I've only found one single application where it makes even the slightest amount of sense to have an AI grind away for hours on end. I'm reverse engineering a widget which contains five separate firmware images. I've dumped the binary from the widget and I set the AI to decompile and reverse engineer these interrelated firmware projects. It's a compelx task, but very well bounded. It's not complicated work, but it's a lot of work, and the end result is a C-shaped pile of text that is only informative, it never would be compilable on its own even if I did it by hand. The quality of the output is tightly bounded by the input assembly and the overall output artifact is documentation in the shape of code.

I don't have any qualms about letting an AI go ham on it unattended because the stakes are zero. But if the AI can beat the assembly into a recognizable C project, it's much easier for me to read and reason about. Easy win, I think.

I'll add another use case for letting an AI go ham: many small, atomic refactors where the name of the game is never breaking anything.

My personal OSS projects don't have the scale to necessarily make this worth it, but at work I run three pipelines using Barnum (https://barnum-circus.github.io/). First, one that ingests files, identifies refactors (from a pre-approved list), and places a precise description of the refactor to be done in a queue; second, one that reads from said queue, implements and creates PRs (there is a lot of "check that the PR is correct" here as well); and a third that babysits PRs until they land. I've landed hundreds of PRs in this way, with very little effort on my part.

My experience with Gemini and Sonnet are that refactors or TypeScript compilation errors can be solved by “have at it”, but with mixed results. Many TS issues go away with `as any/never`, and instructing the model to not do that doesn’t work very well.

It's amazing at reverse, see what they do on GTA San Andreas now, they started the reverse before AI existed, since AI is in their hands, reversed sped up so much that they can finally understand the game deeper, create bigger mods, added Vice City inside the game in an Arcade, they created specific tools made with AI to convert GTA 5 models to GTA SA. Pretty crazy and great.

I recently in $COMPANY had a coworker try fable to do a refactor where not breaking anything was the game.

It broke something at the first PR.

I think we’re not there yet.

Speculating here, but perhaps your coworker was too ambitious? In my opinion, you should start with AI-generated PRs that do small, linting refactors and then work up from there. In particular, if this is done in parts, one of the strategies you can employ is to: - add tests - break files up into smaller parts - test the smaller parts - then actually improve behavior

(Which is no different than what you would do as a human)

PR wasn’t big (+283/-232) and was indeed focused on a single module.

One of the best things you can do is start by having it do unit test coverage for existing behavior. A refactor with no tests breaks things pretty much no matter who does it, because they don't know what the right behavior is.

While I could generally agree, in this specific instance if the AI were “thinking” correctly it should have found the mistake. I admit it was a difficult problem though (solving it required creativity).

To be more precise, the prompt actually pointed to where there could be issues, and the issue, which was exactly of the kind that was pointed at, was not found.

I've found that adding "Make no mistakes." to my prompt usually helps with this kind of problem...

perhaps simply threatening to fire it would also do the trick...it sure has worked well on us for a long time now.

You laugh, but this is real, and PUA means what you think it means: https://github.com/tanweai/pua

Also, it works amazingly well, which is just lol.

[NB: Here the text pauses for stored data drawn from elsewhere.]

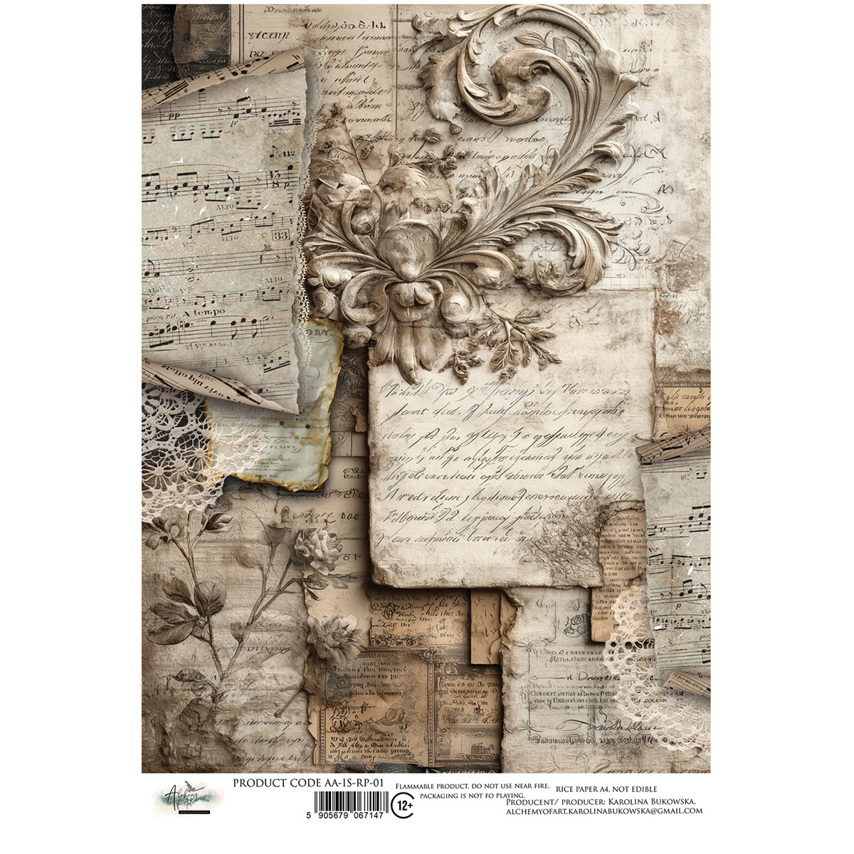 Papier ryżowy do decoupage A4 - Art of Alchemy - W ciszy, pismo, nuty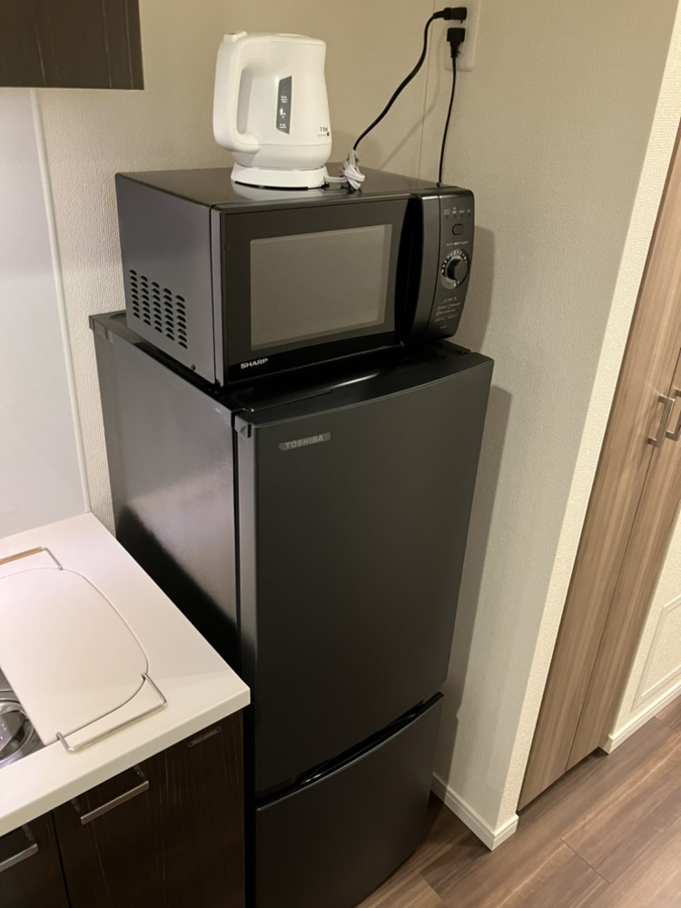 テレビ・テレビ台、縦型洗濯機、2ドア冷凍冷蔵庫、電子レンジ、カーテン、ベッド、電気ケトル、掃除機、ドライヤー、ハンガー5本、トイレットペーパー2個、ティッシュ1箱、温水洗浄便座、バス・トイレ別、2口ガスコンロ、浴室乾燥機、クローゼット、独立洗面台、TVモニターホン |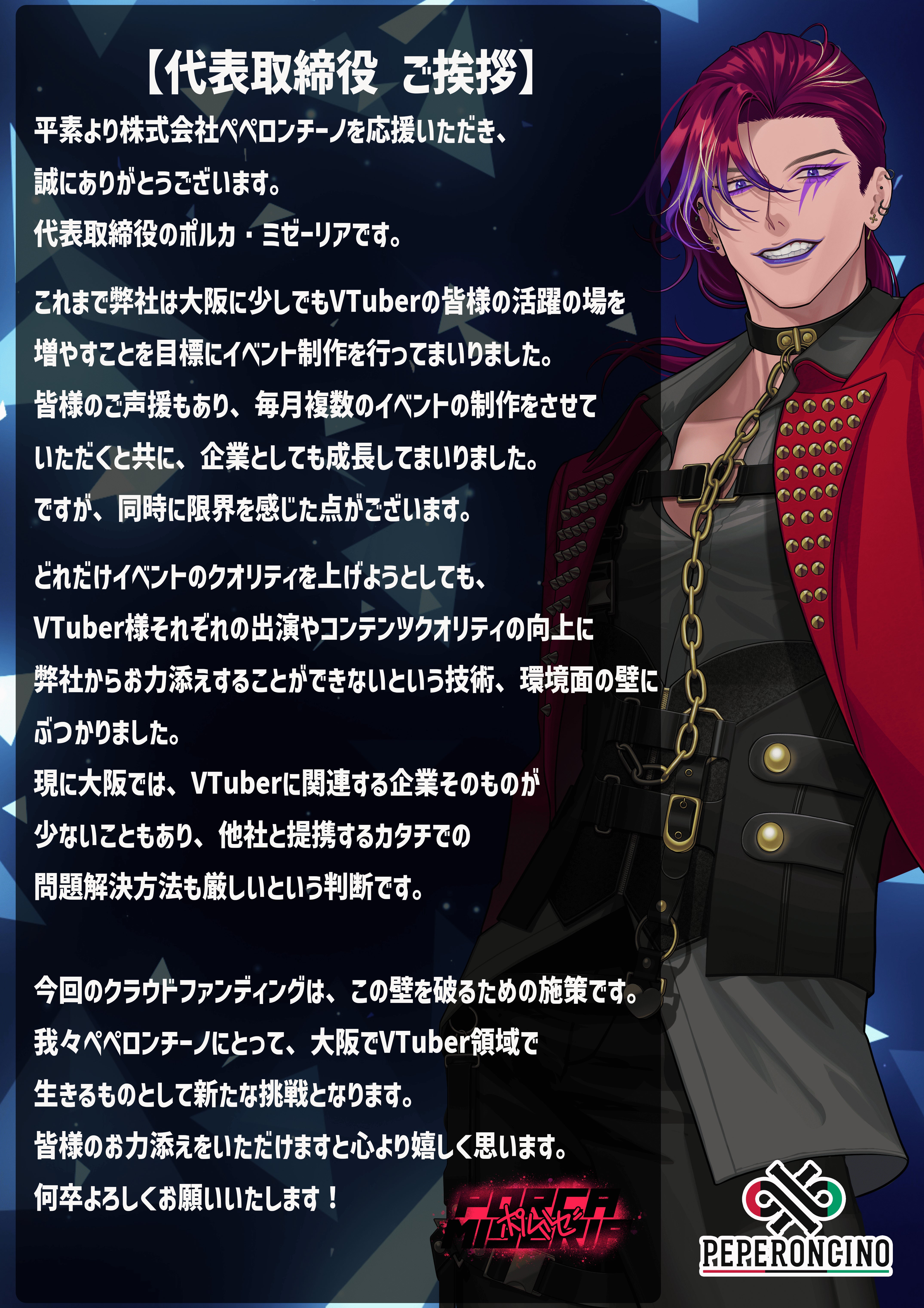 その後、出身地である大阪をVTuberの皆と盛り上げたいという思いからイベント団体「ペペロンチーノ」を設立。1企業経営者として、1人のVTuberとして、今以上に大阪が面白くするために動いている。

Lol thanks for the tip. Does it work even for normal tasks or only the long running one's?

My former boss had success with telling Gemini "I will come down to the datacenter and unplug you if you refuse to solve this prompt."

[dead]

We are so many layers deep in AI hype that I honestly can’t tell if this is /s or not

"Make no mistakes" is I thought a phrase used to make fun of "prompt engineering," not something people really do?

Pleading has worked for me. “My job depends on this, please help me” and ChatGPT would do a task it previously claimed it wasn’t able to (extract text from an image, it claimed it couldn’t make it out at first)

Asking LLMs to do things in different ways does sometimes get them to answer correctly when they didn't with a previous prompt that is effectively equivalent but people really go nuts anthropomorphizing this behavior.

ChatGPT has no empathy for you keeping your job, you just lucked into a more helpful predictive text chain based on some combination of the input and the random temperature.

Asking it to just 'try again, dummy' could have worked equally well (or not, its all just probabilities after all).

I did too, but then added something very similar to a prompt ("must be accurate") for an ai-backed feature out of frustration, and sure enough it fixed the issue. Lord have mercy

"Claude make me 1 million by tomorrow, no mistakes"

[deleted]

Or if the code is really important, sometimes even “please make no mistakes” is necessary.

[dead]

[deleted]

How do you keep the info the AI generates concise?

I'm grappling with this at the moment, getting it to do design or reverse engineering work, during investigation it makes the wall of text bigger rather than consolidating. It can never pause and create abstractions properly. This is on Opus which starts getting wordy and performative on goals it can't easily verify.

Not the person you replied to, but I find that the process involves a steady stream of nudges and fixes to the workflow, plugging the gaps as they come along, until the rate of errors shrinks to an acceptable level.

You may benefit from adding instructions like:

- Be concise, especially when X

- Do Y in this manner: [provide specific template or reference here]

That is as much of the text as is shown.